To my mind GitHub has been misidentifying these commits since September, and I would expect Engineering to want to revert September's logic change immediately (so as to stop adding more incorrectly-attributed commits to project histories) while they continue to work on further logic changes.

peterjc commented 5 years ago

To clarify, my down-thumbs reaction 👎 on John's update today was about the lack of any movement from GitHub.

I often do squash-and-merge commits of pull requests, but thus far haven't had anyone complain - people setting their commit authorship differently to their Github profile must be a minority? However, they would be a tech savvy minority ...

jmarshall commented 5 years ago

Reply received from Support today:

The Issue has been marked as Priority 1 and is currently being investigated by our Engineering Team.

Thanks (assuming 1 = high!). Insert here standard concern about “no response” and “bug report disappeared into the void” being indistinguishable…

GitHub has supported attaching multiple email addresses to each GH account for many years. This author rewriting goes directly against this, so once again it seems astonishing that the September behaviour was ever deployed…

negebauer commented 5 years ago

When editing a file from Github's UI you can actually select which email to use

image

But when merging a PR you can't, it should be an option too!

(Kinda related to this issue)

jmarshall commented 5 years ago

@negebauer: This issue is a history corruption bug that was introduced last September. The UI limitation you mention is issue #95 (see https://github.com/isaacs/github/issues/95#issuecomment-398203089 and following).

jmarshall commented 5 years ago

Another three months have passed with this at “Priority 1”, and the problem still exists unchanged on retesting today.

zephraph commented 5 years ago

I was just poking around and stumbled across this issue. At Artsy we're discussing moving to squash and merge by default. I definitely don't want to overwrite my coworker's contributions.

I haven't really noticed this issue in the past so I started testing it out.

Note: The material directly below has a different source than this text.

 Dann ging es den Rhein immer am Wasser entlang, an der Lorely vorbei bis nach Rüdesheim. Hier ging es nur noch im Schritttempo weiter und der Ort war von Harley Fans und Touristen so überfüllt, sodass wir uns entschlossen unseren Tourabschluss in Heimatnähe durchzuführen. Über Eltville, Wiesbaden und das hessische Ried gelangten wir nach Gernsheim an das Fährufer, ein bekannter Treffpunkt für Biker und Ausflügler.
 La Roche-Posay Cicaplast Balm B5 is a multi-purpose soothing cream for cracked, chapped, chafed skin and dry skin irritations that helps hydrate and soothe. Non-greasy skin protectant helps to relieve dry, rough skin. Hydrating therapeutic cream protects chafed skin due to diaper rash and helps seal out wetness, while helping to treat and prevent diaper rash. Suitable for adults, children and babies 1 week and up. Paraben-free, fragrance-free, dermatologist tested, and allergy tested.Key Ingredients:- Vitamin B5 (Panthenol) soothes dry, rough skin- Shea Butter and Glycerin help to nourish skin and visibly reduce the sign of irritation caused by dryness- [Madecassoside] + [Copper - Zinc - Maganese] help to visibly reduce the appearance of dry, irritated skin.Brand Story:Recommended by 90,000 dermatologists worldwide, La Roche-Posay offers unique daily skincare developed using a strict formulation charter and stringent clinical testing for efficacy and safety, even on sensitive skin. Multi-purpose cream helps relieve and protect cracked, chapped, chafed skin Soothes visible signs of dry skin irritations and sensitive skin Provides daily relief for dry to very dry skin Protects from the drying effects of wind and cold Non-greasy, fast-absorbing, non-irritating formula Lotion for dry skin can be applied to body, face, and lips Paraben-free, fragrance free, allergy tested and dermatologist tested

TL;DR I believe this issue is solved.

Before I reached that conclusion, I started looking around for ways to fix this if it was an issue. I found the git trailer on-behalf-of on the github blog that looked promising. In their example it gives you the ability to commit on behalf of an organization, but I thought it might work for regular users too. I squash merged from the UI this pr (with the trailer in the commit message). It did say that I merged the branch...

image

When I looked at the commits in master I was greeted with this...

image

So GitHub is recognizing (at least from the UI) that my coworker authored it but I merged it. Great! I checked git to verify...

image

It's attributed to my coworker @mdole which is the desired behavior. Looks good! I wanted to verify that the trailer was what caused it to work. It could be that the issue is just fixed generally...

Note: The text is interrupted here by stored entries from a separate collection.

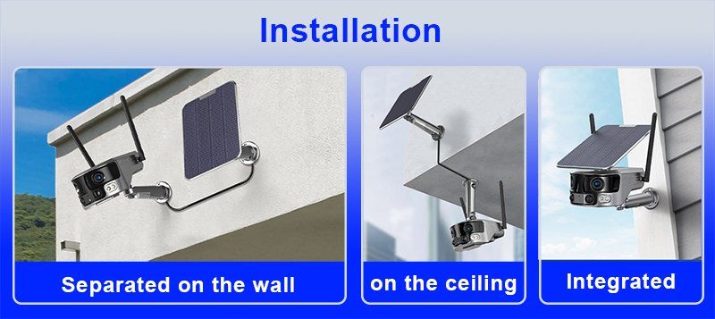 solarno napajanje – ločljivost 4K (4096*2160) – ultraširok kot 180° – sestavljena slika dveh objektivov – zaščita IP66 – senzor PIR – zaznavanje gibanja ljudi – nočni infrardeči in barvni vid na razdalji 20–40 m – povezava WIFI – upravljanje v pametni aplikaciji – dvosmerni domofon – možnost shranjevanja v oblaku ali na kartici TF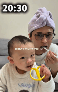 「ぐずると大変ですし、寝る時間がズレると自分の時間も確保しづらくなるので、子どもの時間管理は意識しています!」とも話してくれました。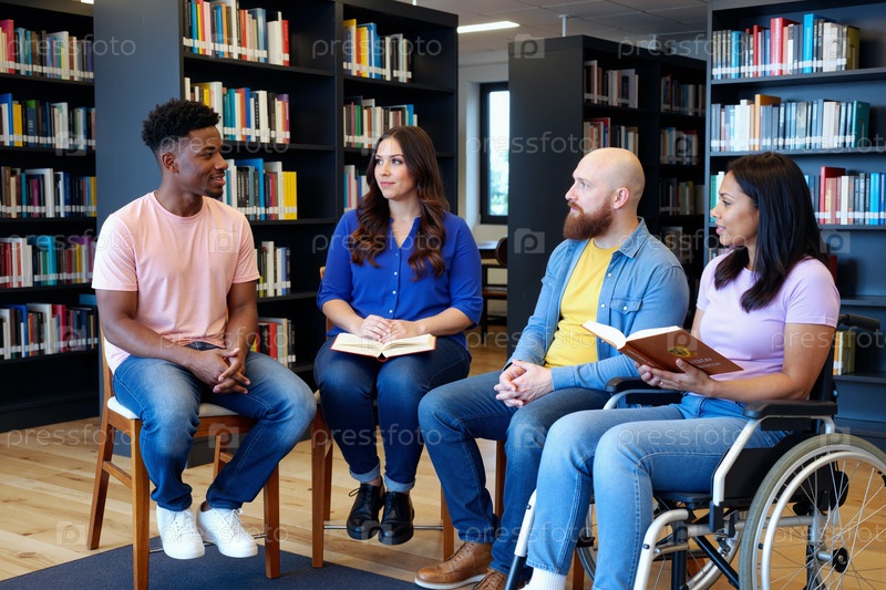 Разнообразные молодые взрослые, участвующие в групповой дискуссии в библиотечной обстановке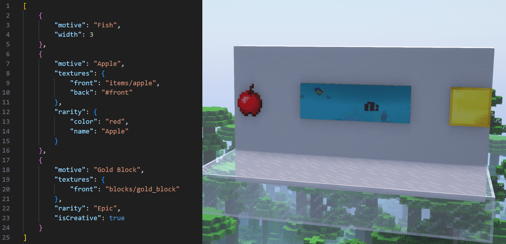 - Может переопределять картины! Это можно использовать, например, чтобы дать некоторым ванильным картинам пользовательские текстуры задней или боковой сторон, которые соответствуют передней.
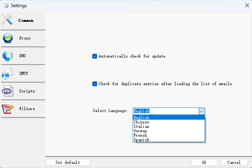COMMON SECTION: it is the initial settings screen and here in addition to the language of the program you can decide whether to automatically check for updates and activate the removal of double emails during loading email lists.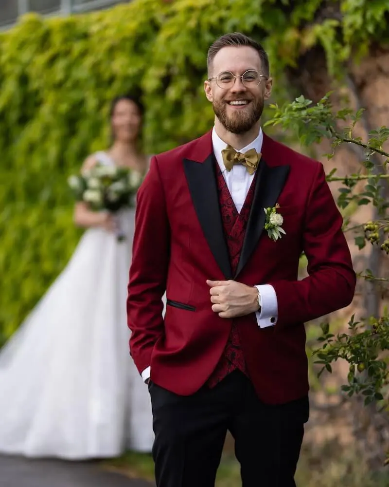 Wer zu seiner Hochzeit ein modisches Statement setzen will und den Anzug auch später als eleganten (aber nicht langweiligen) Anzug tragen will, trifft mit Rot eine wirklich gute Wahl.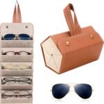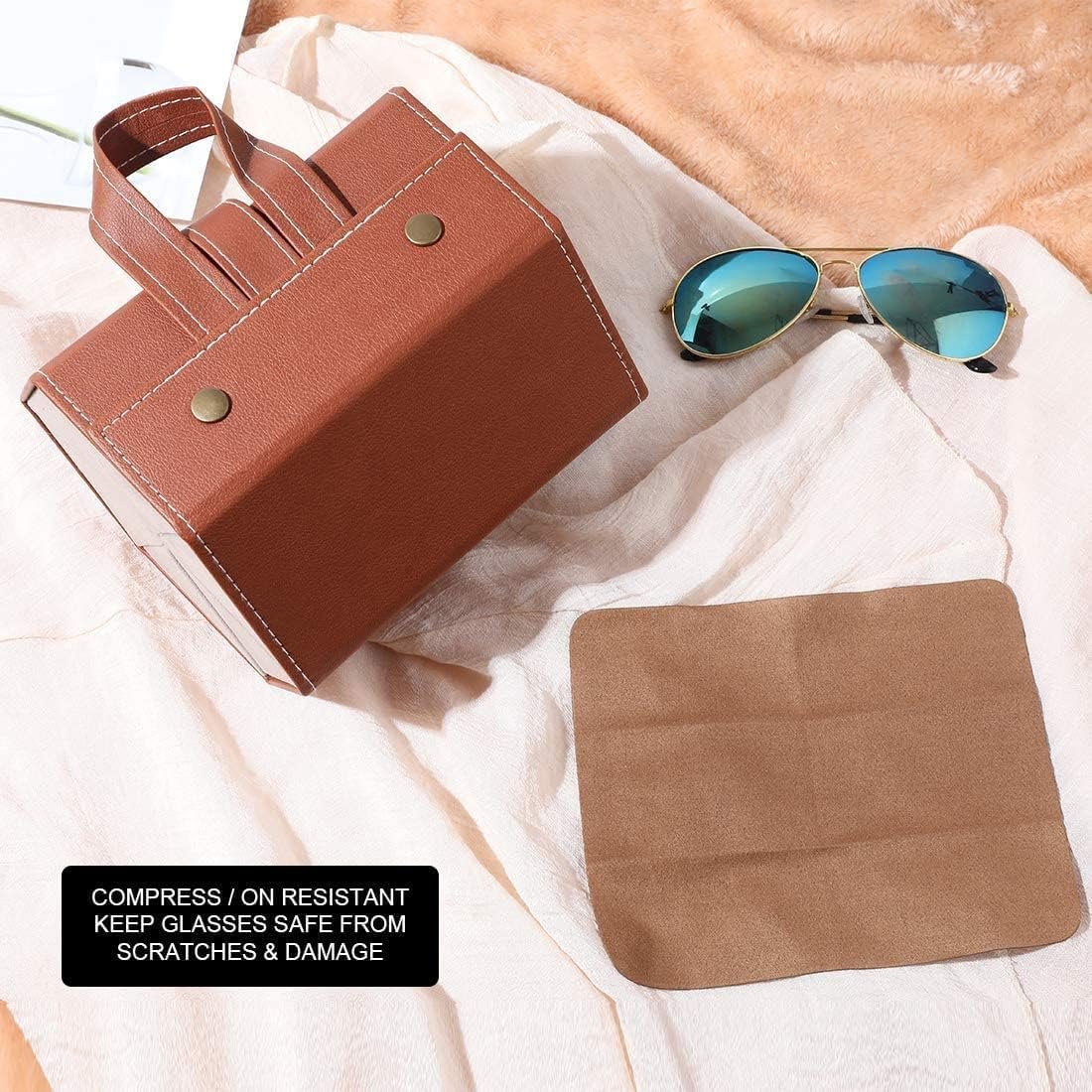 منظم نظارات من الجلد من 5 فتحات محمول وقابل للطي لحمل وتخزين وعرض النظارات متعددة الأغراض في المنزل وعند السفر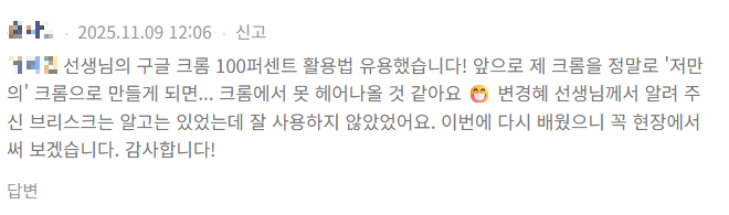 다음 강의 준비나 수업 개발에 도움을 받을 수 있도록 강의 후기도 부탁드렸는데, 이렇게 따뜻하게 글을 남겨주셨다.

I found another PR that I could squash. Did it without the trailer this time.

image

Pretty much the same as above. I checked the commit log in master...

image

Looks like it worked! Given that, I think this issue is fixed and the on-behalf-of trailer isn't needed.

The git log of that last commit just to verify.

image

Caveat

There is a slight possibility that this functionality is in beta and not spread to all users. I have no indication to say that's the case, but the possibility exists. I'd love for someone else to try and let me know if it works.

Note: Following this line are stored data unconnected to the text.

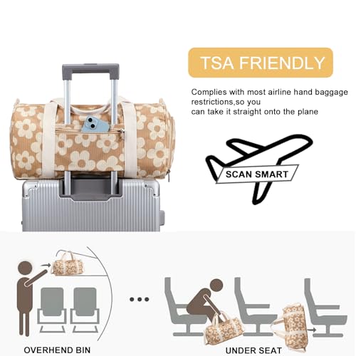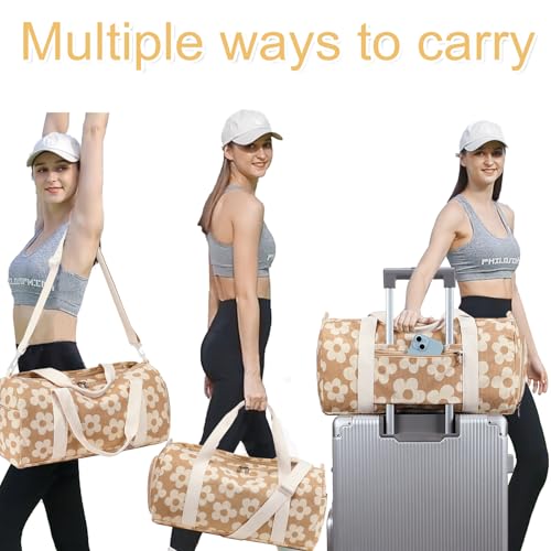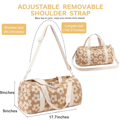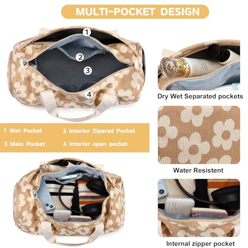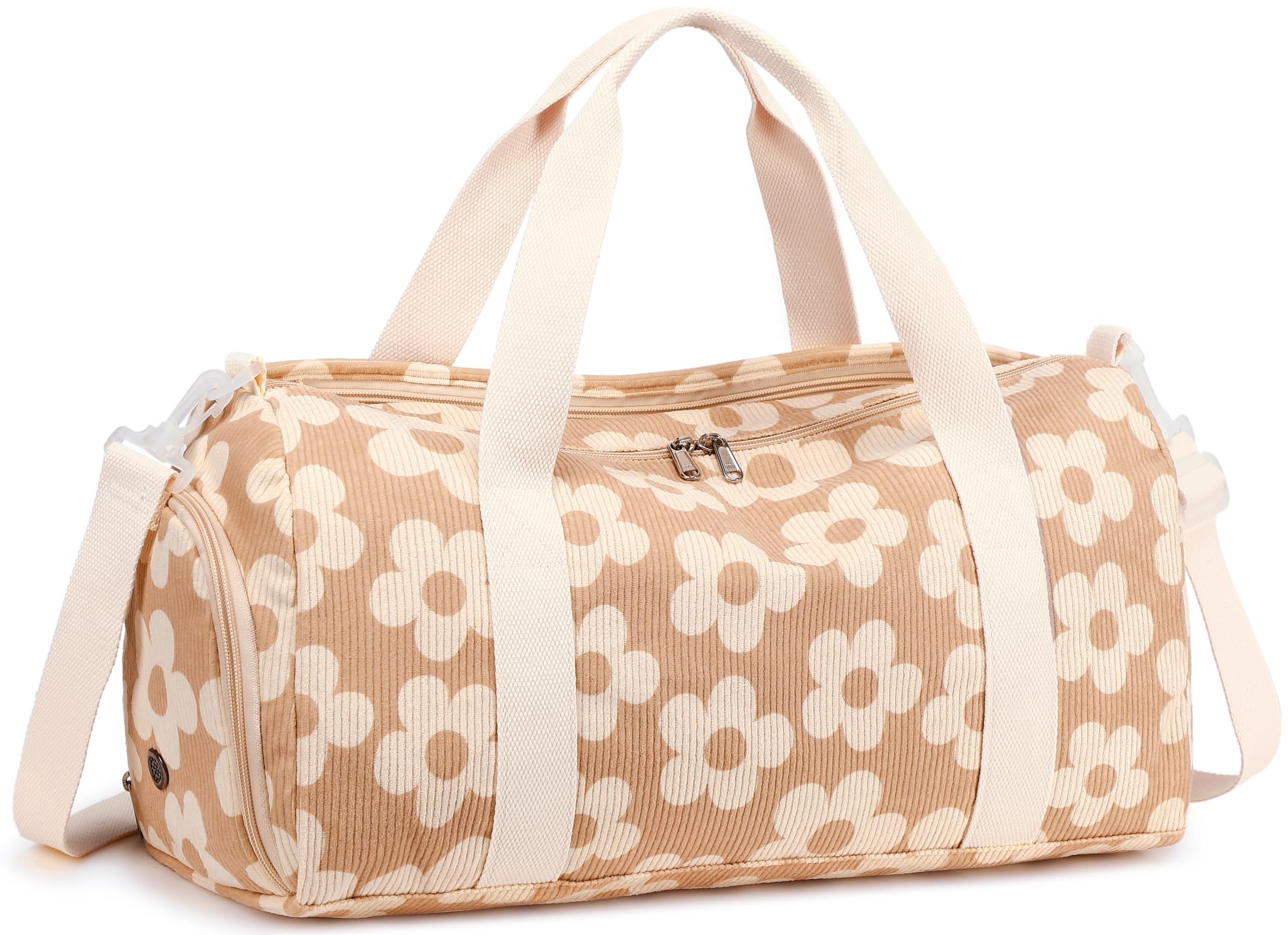BLUBOON Duffle Bag Girls Kids Cute Gym Bag with Shoes Compartment & Wet Separation Waterproof Sports Overnight Travel Bag (Beige Large Floral 157)
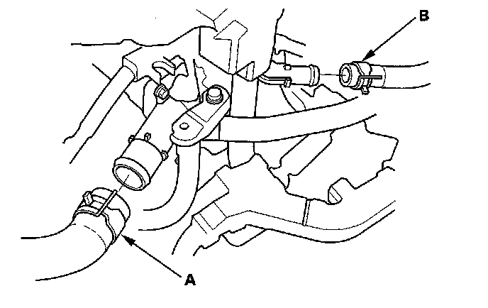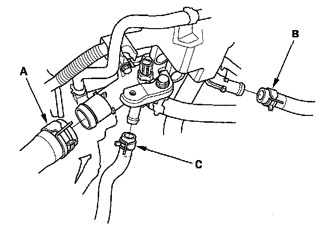 10. A/T model: Remove the upper radiator hose (A), heater hose (B), and water bypass hose (C).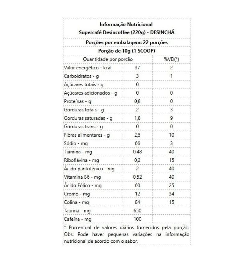 Supercafé Desincoffee (220g) Café, ingredientes premium e muito sabor! Supercafé Desincoffee é uma bebida revolucionária à base de café com mais ingredientes incríveis, totalmente diferente de tudo que você já provou. Combina ingredientes premium em uma formulação exclusiva. Possui 100mg de cafeína por porção que auxilia no aumento do estado de alerta e na melhora da concentração. O Supercafé Desincoffee te proporciona energia, foco e concentração. Com muito, muito sabor, serve para você encarar seus desafios diários, sejam eles de exigência física ou mental. É um combustível para que suas atividades terminem, mas sua energia não. Benefícios: * MELHOR DESEMPENHO PARA ATLETAS;* FOCO NO TRABALHO;* pré treino;* CONCENTRAÇÃO PARA ESTUDANTES;* BAIXO EM CALORIAS;* 100MG DE CAFÉINA;* 650MG DE TAURINA.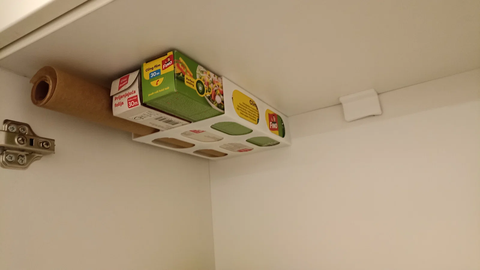 Mẫu giá treo đơn giản cho giấy bạc, màng bọc thực phẩm hoặc giấy nến, không cần support khi in. Kích thước trong 50x50x225mm, phù hợp với hầu hết các loại hộp phổ biến. Có sẵn tùy chọn giá đơn và giá đôi, dễ dàng lắp đặt bằng băng keo hai mặt.

jmarshall commented 5 years ago

@zephraph: In fact, your PRs demonstrate that this issue is still present.

The email address to which GitHub rewrites the Author is associated with the same GItHub user, so this bug does not affect the GitHub user to whom the commits are attributed in the UI. This is not at issue.

Matt Dole <mdole7@gmail.com> is the email address both in the first PR's commits and as it was merged to master, so the first PR does not obviously demonstrate this either way. More subtly, the AuthorDate has been updated in the merged commit (artsy/palette@e8109fd4e37d414f85f1a601337ed78d53b4569d), which does demonstrate this bug report.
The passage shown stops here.